One of our primary research interests is the direct imaging of exoplanets using advanced adaptive optics techniques. We are also engaged in the search for the first exomoons. While natural satellites are common in our Solar System, no strong exomoon detection has yet been confirmed. Studying the natural satellites of the Solar System provides fundamental clues about its formation and evolution. Similarly, identifying and analyzing exomoons would offer a revolutionary perspective on planet formation scenarios. Our research focuses on detecting satellites of giant exoplanets using direct imaging and radial velocity techniques.
We also utilize space-based instruments such as TESS to confirm new extreme Neptune-like planets, as well as CHEOPS, HST, and JWST to study their atmospheric chemistries, physical processes, and cloud properties. These observations help us better understand planetary structures, formation processes, and evolutionary pathways.
Another major focus of our work is understanding how planets form within the disks of material surrounding young stars. By studying these protoplanetary disks with instruments like ALMA, we probe the structure of the gas and dust that serve as the fundamental building blocks of planets. Our members are involved in several ALMA Large Programs and Open Time proposals aimed at studying the parent disks of forming planets.
Finally, we are deeply invested in understanding the components of our own Solar System and how its various elements formed and evolved. Using a combination of ground-based and space-based facilities—including ALMA, VLT, and JWST—we study small bodies in the Solar System, which represent the primitive building blocks of the major planets. As part of international collaborations, our members have also been actively involved in studying interstellar objects (ISOs) across a wide range of wavelengths and using diverse observational techniques. As these ISOs traverse the Solar System, they offer unprecedented opportunities to examine materials from exoplanetary systems in great detail.
Solar System
From the icy comets that traverse the Solar System, to Centaurs and Trans-Neptunian Objects at the edges, to interstellar objects - and the rocky meteorites and asteroids in between, we study these relics and fossils of the early Solar System. These primitive objects hold chemical and dynamical signatures and help trace the origins and processes involved in planetary formation, not just in our own Solar System, but beyond.

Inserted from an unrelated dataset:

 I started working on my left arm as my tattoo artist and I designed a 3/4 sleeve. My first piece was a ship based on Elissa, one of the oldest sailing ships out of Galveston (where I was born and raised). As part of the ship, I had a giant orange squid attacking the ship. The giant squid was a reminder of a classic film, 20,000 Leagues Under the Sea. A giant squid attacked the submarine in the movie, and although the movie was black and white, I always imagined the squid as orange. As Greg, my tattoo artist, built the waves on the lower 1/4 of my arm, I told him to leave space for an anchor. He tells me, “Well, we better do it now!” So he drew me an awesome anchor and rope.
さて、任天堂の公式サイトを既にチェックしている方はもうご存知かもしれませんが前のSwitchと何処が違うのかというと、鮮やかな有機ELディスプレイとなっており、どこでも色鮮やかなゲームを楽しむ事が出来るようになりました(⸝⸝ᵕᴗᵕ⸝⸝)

Our research combines photometry and spectroscopy across the optical, infrared, and sub-millimeter wavelengths, as we trace the composition, structure, and motion of these objects, as well as their role in forming planetary systems.
Mature Planetary Systems
We hunt for exoplanets and their exomoons - from gas giants to Neptune-like planets with cloudy atmospheres - to characterize and study the physical and structural properties of fully-formed mature planetary systems. Our research in this area combines radial-velocity, astrometry, transmission spectroscopy, and advanced statistical models to detect, characterize, and interpret exoplanets and their atmospheres.

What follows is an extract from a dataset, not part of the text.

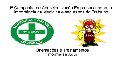 A idéia da Campanha CEIMST surgiu a partir de estudos realizados pelos profissionais da JSO onde dúvidas, problemas e sugestões foram apresentadas pelos nossos clientes. Elaboramos algumas ações estratégicas, que deverão desenvolver-se durante todo o ano, com o objetivo de alcançarmos nosso objetivo final, que é a conscientização dos empresários sobre a real importância da saúde e segurança do trabalhador. Todo o projeto será baseado na realização de orientações, treinamentos, campanhas e programas específicos, desenvolvidos para facilitação do dia-a-dia da produtividade da empresa.
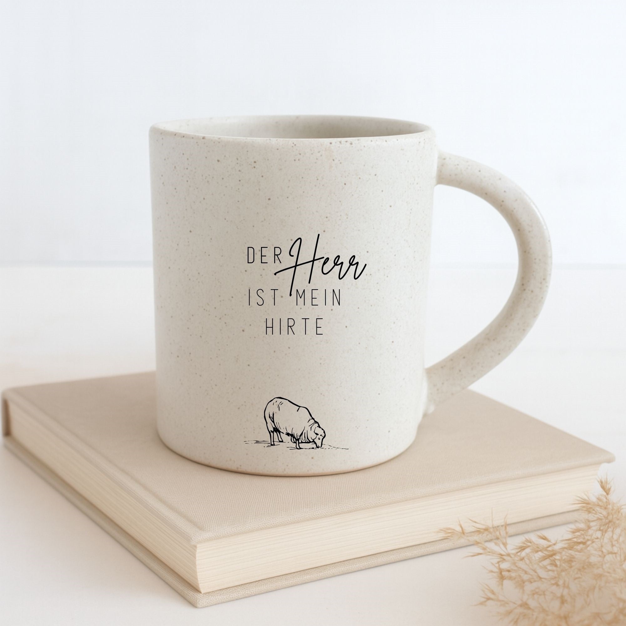 Diese handgefertigte Steingut-Tasse mit ihrer reaktiven Sesamglasur und der Gravur "Der Herr ist mein Hirte" (Psalm 23) ist mehr als ein Alltagsgegenstand - sie ist eine kraftvolle Erinnerung an Gottes Schutz und Führung in deinem Leben.

Planet formation and Young Planetary Systems
From young stellar objects (YSOs) in nearby molecular clouds to substructures and outflows in protoplanetary disks, we uncover how planets form from the stellar environment they are born in. We study the evolution of disks across different scales and wavelengths — combining millimeter, near-infrared, and spectroscopic surveys — to trace the processes of planet formation, accretion, and early dynamical evolution. Our research attempts to link the birth of stars to the formation of planetary systems.